Sentences to Die For

This post has nothing to do with capital punishment (death sentences!) but with those gems of prose style that I collect and savor, often wishing I had written them.

I do so in part because reading good prose--the kind that is carefully, creatively constructed--is what keeps me fresh as a writer.

And I am a connoisseur of sentences because, again this summer, I will be teaching a writing workshop (at the Winter Park Public Library from June 26-July 31).  I want my students to see how many sentence patterns there are, many worthy of imitation, and what options they have as writers. Of course, I will stress the importance of one overriding fact: the key to good writing is wide, careful reading in which we pay attention to the style of sentences, whether the author is writing fiction or non-fiction.

A number of good writers have emphasized the sentence as the key area of writing (and revision), the unit to focus on. Kathryn Schulz in a recent web post singles out Geoff Dyer, an English writer, for his mastery of non-fiction sentences that catch her eye and ear.
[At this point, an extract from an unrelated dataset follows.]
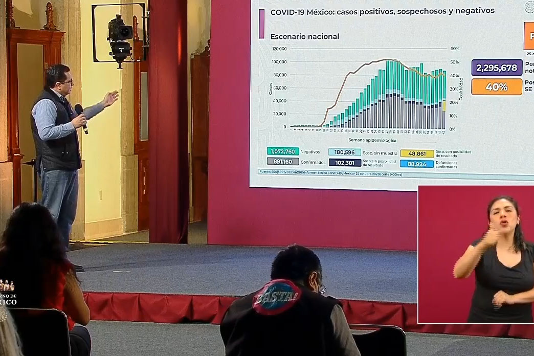 Juan Carlos Huante / La Voz de Michoacán Ciudad de México. Con 4 mil 360 nuevos casos confirmados de COVID-19, México acumula 891 mil 160 contagios; mientras que en decesos llegó a la cantidad de 88 mil 924, con 181 que se agregaron al reciente registro dado a conocer por la Secretaría de Salud (SSa) federal este domingo. Durante el informe diario, el doctor José Luis Alomía, director de Epidemiología de la SSa, a la fecha 2 millones 295 mil 678 personas fueron analizadas como sospechosas con la enfermedad provocada por SARS-CoV-2, de las cuales, 1 millón 72 mil 760 tuvieron un resultado negativo. El doctor Alomía que destacó que la semana 43 de la epidemia en México se iniciará con un descenso de -7% respecto a los casos estimados; sin embargo, advirtió que los ciudadanos regresan al espacio público, a las actividades sociales y sin ningún tipo de precaución, habrá de nuevo un incremento en contagios. Informó que a la fecha se han recuperado 650 mil 355 pacientes que contrajeron la enfermedad provocada por SARS-CoV-2. Luego de tres semanas consecutivas en una tendencia a la baja en cuanto a decesos, el funcionario de Salud evidenció que entre la semana 41 y 42 se registró un incremento, con una diferencia porcentual de +5%. De acuerdo con las cifras del reporte nacional, la cifra máxima de defunciones que se ha registrado en lo que lleva transcurrida la crisis sanitaria fue de 5 mil 292, y en la semana 42 ocurrieron 2 mil 308. Chihuahua fue la entidad que mayor índice de letalidad presentó durante la semana epidemiológica que concluye. Asimismo, se han notificado 392 defunciones sospechosas con posibilidad de resultado; 10 mil 441 sospechosas sin muestra, y 4 mil 125 sospechosas sin posibilidad de resultado. Respecto a la disponibilidad de camas de hospitalización general, existe una ocupación del 31% (8 mil 852) de un total de 28 mil 290;y son cuatro entidades las que registran una ocupación de más del 50%: Chihuahua (72%), Nuevo León (63%), Durango (60%) y Coahuila (54%). Mientras que en camas que cuentan con ventilador, la ocupación nacional es de 2 mil 627 de 10 mil 214. Chihuahua y Durango son las entidades que más porcentaje de espacios ocupados presentan con 61% y 57%, respectivamente.
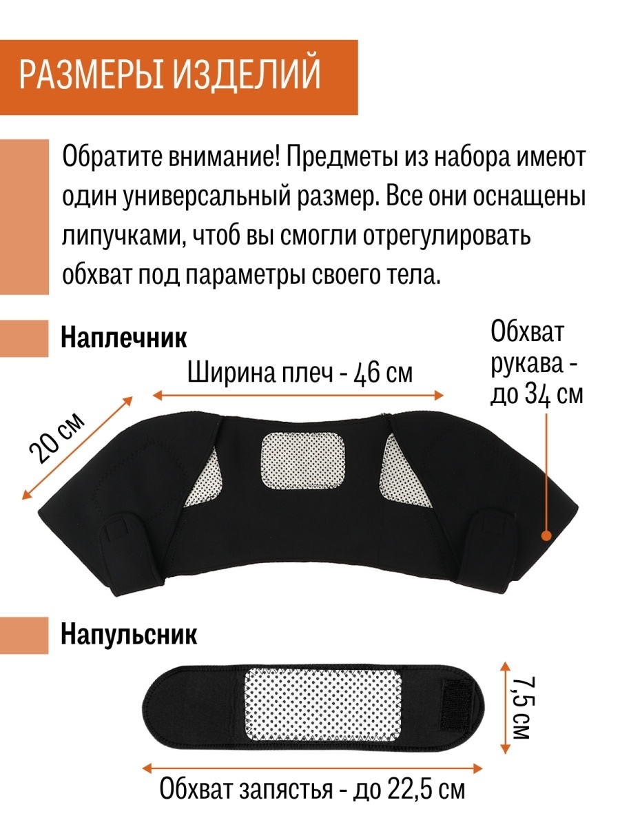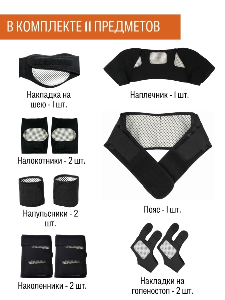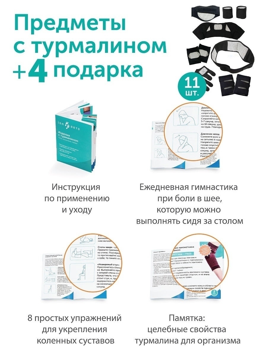 Набор из 11 турмалиновых предметов "Здоровые суставы" с прогревающим эффектом уникален своей комплектацией: он включает в себя бандажи с турмалином для всех зон организма. Они прогревают мышцы и суставы, снимают боль и напряжение в теле, помогают при артр

She finds that Dyer (author of The Color of Memory) reaches new heights in extending the possibilities of the individual sentence.
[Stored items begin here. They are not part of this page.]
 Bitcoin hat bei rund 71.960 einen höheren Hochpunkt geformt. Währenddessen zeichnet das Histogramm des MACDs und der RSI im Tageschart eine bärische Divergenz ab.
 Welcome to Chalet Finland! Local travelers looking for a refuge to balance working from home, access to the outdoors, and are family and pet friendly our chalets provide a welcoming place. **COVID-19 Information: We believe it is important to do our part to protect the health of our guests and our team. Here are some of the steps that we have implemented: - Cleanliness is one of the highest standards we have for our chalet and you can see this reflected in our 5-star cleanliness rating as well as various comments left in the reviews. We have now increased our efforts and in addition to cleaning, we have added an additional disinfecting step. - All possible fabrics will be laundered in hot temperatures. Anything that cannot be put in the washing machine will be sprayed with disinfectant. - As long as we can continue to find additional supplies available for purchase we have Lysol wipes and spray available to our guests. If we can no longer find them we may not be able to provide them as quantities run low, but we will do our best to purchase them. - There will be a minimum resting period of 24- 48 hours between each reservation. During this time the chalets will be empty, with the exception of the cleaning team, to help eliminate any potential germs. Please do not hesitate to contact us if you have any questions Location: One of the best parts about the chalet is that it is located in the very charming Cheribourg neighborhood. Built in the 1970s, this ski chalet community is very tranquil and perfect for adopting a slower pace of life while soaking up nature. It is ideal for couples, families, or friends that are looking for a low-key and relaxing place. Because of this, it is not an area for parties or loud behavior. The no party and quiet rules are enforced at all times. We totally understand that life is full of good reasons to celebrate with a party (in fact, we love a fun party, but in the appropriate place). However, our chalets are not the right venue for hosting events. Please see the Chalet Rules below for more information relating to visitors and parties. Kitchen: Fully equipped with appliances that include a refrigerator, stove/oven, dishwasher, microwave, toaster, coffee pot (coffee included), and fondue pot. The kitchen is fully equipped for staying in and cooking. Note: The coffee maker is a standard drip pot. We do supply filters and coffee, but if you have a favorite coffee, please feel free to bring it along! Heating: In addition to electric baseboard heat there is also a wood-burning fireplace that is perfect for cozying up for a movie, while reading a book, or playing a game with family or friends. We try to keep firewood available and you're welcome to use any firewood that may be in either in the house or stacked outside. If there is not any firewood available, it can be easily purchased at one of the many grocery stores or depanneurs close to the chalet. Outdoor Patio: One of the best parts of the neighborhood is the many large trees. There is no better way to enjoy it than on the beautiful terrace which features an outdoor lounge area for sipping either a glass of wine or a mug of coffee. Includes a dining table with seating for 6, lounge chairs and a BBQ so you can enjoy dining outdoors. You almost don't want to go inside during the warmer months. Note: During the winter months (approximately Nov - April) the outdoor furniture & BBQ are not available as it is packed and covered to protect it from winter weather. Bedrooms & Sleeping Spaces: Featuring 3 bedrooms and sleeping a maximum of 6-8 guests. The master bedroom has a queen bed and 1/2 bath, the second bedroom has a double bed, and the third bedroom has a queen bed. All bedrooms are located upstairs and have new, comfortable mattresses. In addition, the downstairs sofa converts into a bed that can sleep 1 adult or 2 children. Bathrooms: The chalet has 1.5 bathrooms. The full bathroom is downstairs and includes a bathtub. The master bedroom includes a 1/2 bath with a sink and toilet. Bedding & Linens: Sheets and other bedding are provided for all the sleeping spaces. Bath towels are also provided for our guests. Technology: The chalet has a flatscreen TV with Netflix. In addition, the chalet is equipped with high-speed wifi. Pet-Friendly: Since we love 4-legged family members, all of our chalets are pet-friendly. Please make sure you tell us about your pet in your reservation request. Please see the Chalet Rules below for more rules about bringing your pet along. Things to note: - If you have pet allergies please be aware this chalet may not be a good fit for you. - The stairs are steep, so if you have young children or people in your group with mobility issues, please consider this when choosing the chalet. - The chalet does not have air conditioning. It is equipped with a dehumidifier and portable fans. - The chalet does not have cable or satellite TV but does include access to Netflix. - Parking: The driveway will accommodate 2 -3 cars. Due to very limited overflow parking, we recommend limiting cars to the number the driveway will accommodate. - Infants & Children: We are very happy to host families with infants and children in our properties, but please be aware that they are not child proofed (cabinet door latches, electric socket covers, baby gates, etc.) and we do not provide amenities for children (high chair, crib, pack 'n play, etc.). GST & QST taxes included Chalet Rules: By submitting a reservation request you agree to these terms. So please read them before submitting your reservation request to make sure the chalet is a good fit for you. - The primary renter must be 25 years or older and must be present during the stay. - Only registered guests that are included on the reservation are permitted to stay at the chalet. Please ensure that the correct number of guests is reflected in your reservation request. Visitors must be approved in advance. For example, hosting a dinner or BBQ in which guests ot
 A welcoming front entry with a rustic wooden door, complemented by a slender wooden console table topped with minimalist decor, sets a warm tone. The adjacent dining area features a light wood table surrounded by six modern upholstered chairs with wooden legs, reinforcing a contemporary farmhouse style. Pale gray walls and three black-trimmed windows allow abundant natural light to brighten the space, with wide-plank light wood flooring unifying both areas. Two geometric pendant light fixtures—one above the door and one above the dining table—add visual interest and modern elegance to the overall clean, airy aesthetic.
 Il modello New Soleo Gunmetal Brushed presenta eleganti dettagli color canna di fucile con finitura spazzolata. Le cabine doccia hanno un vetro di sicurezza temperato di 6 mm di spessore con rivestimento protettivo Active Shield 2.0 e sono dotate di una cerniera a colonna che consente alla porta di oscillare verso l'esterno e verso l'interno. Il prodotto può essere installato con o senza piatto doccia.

For example, on a saxophone solo by John Coltrane Dyer writes, "It's pretty and then dangerous as he reaches so high the sky blues into the darkness of space before reentering, everything burning up around him."

Like Coltrane's music, Dyer reaches, as he does with the daring use of "blues": it serves, as Schulz points out, as verb, noun and adjective at the same time, making it seem "like the solo is still rising and what's falling is the sky."

This is poetic prose, highly calculated to dazzle. And it can be found in many places.  I don't know if I would be able to tolerate too many sentences like the one by Dyer; but one is all I need.

I often find in the New Yorker examples of less fancy but clever sentences that exemplify the left-handed (or periodic) pattern that is worth emulating, in which the modifiers pile up ahead of the main clause, as in this opening sentence by Anthony Lane, reviewing a current movie:

"Wrinkled and crinkled, huge in Japan, heroically reluctant to give up, and forever touring the world on a mission to make us scream, Godzilla is the Mick Jagger of giant amphibians."

I love this sentence not just because of the witty Jagger-Godzilla analogy, which I would never have thought of, but because the main clause--about Godzilla-- comes as a delightful surprise after the calculated opening.  Lane has the ability to make reviewing a Hollywood film into something of a work of art--delightful to readers with no interest in such movies.

I will, no doubt, as the summer progresses, share more sentences and commentary about the importance of the well-crafted sentence as the essence of good writing.